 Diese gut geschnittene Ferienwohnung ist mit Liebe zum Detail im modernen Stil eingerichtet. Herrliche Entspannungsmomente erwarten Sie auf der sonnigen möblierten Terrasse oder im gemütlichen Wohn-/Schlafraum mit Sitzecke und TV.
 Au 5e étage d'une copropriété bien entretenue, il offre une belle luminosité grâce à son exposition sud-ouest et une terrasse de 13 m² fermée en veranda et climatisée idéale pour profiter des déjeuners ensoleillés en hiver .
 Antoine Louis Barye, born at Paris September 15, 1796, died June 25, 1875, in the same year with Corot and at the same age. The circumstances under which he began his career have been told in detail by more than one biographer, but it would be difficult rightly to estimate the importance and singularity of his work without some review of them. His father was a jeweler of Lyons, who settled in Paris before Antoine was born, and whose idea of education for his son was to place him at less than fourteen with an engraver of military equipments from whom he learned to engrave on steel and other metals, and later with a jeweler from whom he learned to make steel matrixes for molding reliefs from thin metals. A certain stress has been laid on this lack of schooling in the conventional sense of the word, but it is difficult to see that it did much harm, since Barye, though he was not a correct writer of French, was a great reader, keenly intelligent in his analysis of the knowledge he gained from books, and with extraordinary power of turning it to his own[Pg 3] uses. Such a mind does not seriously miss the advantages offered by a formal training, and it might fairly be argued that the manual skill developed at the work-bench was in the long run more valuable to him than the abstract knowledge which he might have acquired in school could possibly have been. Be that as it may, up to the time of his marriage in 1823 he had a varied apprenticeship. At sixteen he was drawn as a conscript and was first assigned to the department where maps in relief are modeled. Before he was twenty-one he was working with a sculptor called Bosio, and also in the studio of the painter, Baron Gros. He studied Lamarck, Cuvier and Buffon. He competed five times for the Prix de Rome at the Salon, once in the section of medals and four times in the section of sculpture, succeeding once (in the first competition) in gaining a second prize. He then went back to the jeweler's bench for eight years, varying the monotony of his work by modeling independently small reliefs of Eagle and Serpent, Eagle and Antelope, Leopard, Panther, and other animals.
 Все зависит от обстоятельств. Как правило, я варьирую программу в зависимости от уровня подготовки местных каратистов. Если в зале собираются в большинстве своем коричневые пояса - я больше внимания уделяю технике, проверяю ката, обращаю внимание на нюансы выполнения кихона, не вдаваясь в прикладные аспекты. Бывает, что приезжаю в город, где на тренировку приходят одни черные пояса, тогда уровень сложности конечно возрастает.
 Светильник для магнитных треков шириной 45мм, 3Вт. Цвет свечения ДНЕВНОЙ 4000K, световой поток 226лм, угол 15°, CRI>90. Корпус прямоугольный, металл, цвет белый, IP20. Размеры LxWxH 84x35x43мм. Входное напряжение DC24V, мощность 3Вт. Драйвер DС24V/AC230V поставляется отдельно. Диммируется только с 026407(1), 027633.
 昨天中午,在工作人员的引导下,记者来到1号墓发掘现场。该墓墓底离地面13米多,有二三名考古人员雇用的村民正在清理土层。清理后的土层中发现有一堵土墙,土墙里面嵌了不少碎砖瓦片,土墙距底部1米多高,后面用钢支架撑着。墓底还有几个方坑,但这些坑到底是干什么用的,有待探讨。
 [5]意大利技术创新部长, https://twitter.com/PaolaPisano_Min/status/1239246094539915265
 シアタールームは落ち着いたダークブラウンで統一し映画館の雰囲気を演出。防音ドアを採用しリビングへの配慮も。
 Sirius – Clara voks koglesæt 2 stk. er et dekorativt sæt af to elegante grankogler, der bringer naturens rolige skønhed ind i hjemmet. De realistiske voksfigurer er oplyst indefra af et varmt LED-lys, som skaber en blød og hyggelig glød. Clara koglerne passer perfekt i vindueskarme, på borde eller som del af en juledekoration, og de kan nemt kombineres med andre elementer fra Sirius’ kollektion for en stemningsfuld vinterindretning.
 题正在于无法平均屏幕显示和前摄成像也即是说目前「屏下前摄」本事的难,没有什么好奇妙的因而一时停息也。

────────────────────

The records above are to be printed in full, exactly as they appear.

**REPLY:**
 Diese gut geschnittene Ferienwohnung ist mit Liebe zum Detail im modernen Stil eingerichtet. Herrliche Entspannungsmomente erwarten Sie auf der sonnigen möblierten Terrasse oder im gemütlichen Wohn-/Schlafraum mit Sitzecke und TV.
 Au 5e étage d'une copropriété bien entretenue, il offre une belle luminosité grâce à son exposition sud-ouest et une terrasse de 13 m² fermée en veranda et climatisée idéale pour profiter des déjeuners ensoleillés en hiver .
 Antoine Louis Barye, born at Paris September 15, 1796, died June 25, 1875, in the same year with Corot and at the same age. The circumstances under which he began his career have been told in detail by more than one biographer, but it would be difficult rightly to estimate the importance and singularity of his work without some review of them. His father was a jeweler of Lyons, who settled in Paris before Antoine was born, and whose idea of education for his son was to place him at less than fourteen with an engraver of military equipments from whom he learned to engrave on steel and other metals, and later with a jeweler from whom he learned to make steel matrixes for molding reliefs from thin metals. A certain stress has been laid on this lack of schooling in the conventional sense of the word, but it is difficult to see that it did much harm, since Barye, though he was not a correct writer of French, was a great reader, keenly intelligent in his analysis of the knowledge he gained from books, and with extraordinary power of turning it to his own[Pg 3] uses. Such a mind does not seriously miss the advantages offered by a formal training, and it might fairly be argued that the manual skill developed at the work-bench was in the long run more valuable to him than the abstract knowledge which he might have acquired in school could possibly have been. Be that as it may, up to the time of his marriage in 1823 he had a varied apprenticeship. At sixteen he was drawn as a conscript and was first assigned to the department where maps in relief are modeled. Before he was twenty-one he was working with a sculptor called Bosio, and also in the studio of the painter, Baron Gros. He studied Lamarck, Cuvier and Buffon. He competed five times for the Prix de Rome at the Salon, once in the section of medals and four times in the section of sculpture, succeeding once (in the first competition) in gaining a second prize. He then went back to the jeweler's bench for eight years, varying the monotony of his work by modeling independently small reliefs of Eagle and Serpent, Eagle and Antelope, Leopard, Panther, and other animals.
 Все зависит от обстоятельств. Как правило, я варьирую программу в зависимости от уровня подготовки местных каратистов. Если в зале собираются в большинстве своем коричневые пояса - я больше внимания уделяю технике, проверяю ката, обращаю внимание на нюансы выполнения кихона, не вдаваясь в прикладные аспекты. Бывает, что приезжаю в город, где на тренировку приходят одни черные пояса, тогда уровень сложности конечно возрастает.
 Светильник для магнитных треков шириной 45мм, 3Вт. Цвет свечения ДНЕВНОЙ 4000K, световой поток 226лм, угол 15°, CRI>90. Корпус прямоугольный, металл, цвет белый, IP20. Размеры LxWxH 84x35x43мм. Входное напряжение DC24V, мощность 3Вт. Драйвер DС24V/AC230V поставляется отдельно. Диммируется только с 026407(1), 027633.
 昨天中午,在工作人员的引导下,记者来到1号墓发掘现场。该墓墓底离地面13米多,有二三名考古人员雇用的村民正在清理土层。清理后的土层中发现有一堵土墙,土墙里面嵌了不少碎砖瓦片,土墙距底部1米多高,后面用钢支架撑着。墓底还有几个方坑,但这些坑到底是干什么用的,有待探讨。
 [5]意大利技术创新部长, https://twitter.com/PaolaPisano_Min/status/1239246094539915265
 シアタールームは落ち着いたダークブラウンで統一し映画館の雰囲気を演出。防音ドアを採用しリビングへの配慮も。
 Sirius – Clara voks koglesæt 2 stk. er et dekorativt sæt af to elegante grankogler, der bringer naturens rolige skønhed ind i hjemmet. De realistiske voksfigurer er oplyst indefra af et varmt LED-lys, som skaber en blød og hyggelig glød. Clara koglerne passer perfekt i vindueskarme, på borde eller som del af en juledekoration, og de kan nemt kombineres med andre elementer fra Sirius’ kollektion for en stemningsfuld vinterindretning.
 题正在于无法平均屏幕显示和前摄成像也即是说目前「屏下前摄」本事的难,没有什么好奇妙的因而一时停息也。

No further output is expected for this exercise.